• **THE PROBLEM**
Once the line with "Immigrants from Zaire" is found in the entries below, repeat it and each following line exactly, up to and including the line with "Molde de Silicone". Add no other lines.

• **THE RECORDS**
==================================================
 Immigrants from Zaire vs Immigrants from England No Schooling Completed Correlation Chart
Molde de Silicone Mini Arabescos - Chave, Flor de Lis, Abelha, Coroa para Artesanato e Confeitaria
==================================================
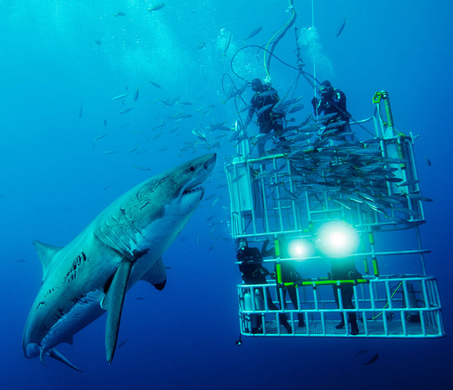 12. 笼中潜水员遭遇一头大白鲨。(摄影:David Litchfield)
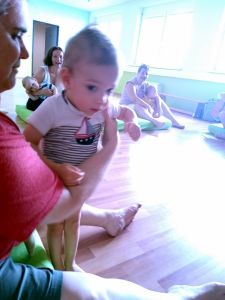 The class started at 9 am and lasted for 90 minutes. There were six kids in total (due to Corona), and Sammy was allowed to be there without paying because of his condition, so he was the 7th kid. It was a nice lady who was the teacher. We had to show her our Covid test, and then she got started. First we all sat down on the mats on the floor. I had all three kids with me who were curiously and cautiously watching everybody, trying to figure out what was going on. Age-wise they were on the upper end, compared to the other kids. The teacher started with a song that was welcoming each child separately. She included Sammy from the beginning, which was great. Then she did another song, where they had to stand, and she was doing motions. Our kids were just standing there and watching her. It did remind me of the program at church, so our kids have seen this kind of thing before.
==================================================
• **RESULT OF THE EXERCISE**
 Immigrants from Zaire vs Immigrants from England No Schooling Completed Correlation Chart
Molde de Silicone Mini Arabescos - Chave, Flor de Lis, Abelha, Coroa para Artesanato e Confeitaria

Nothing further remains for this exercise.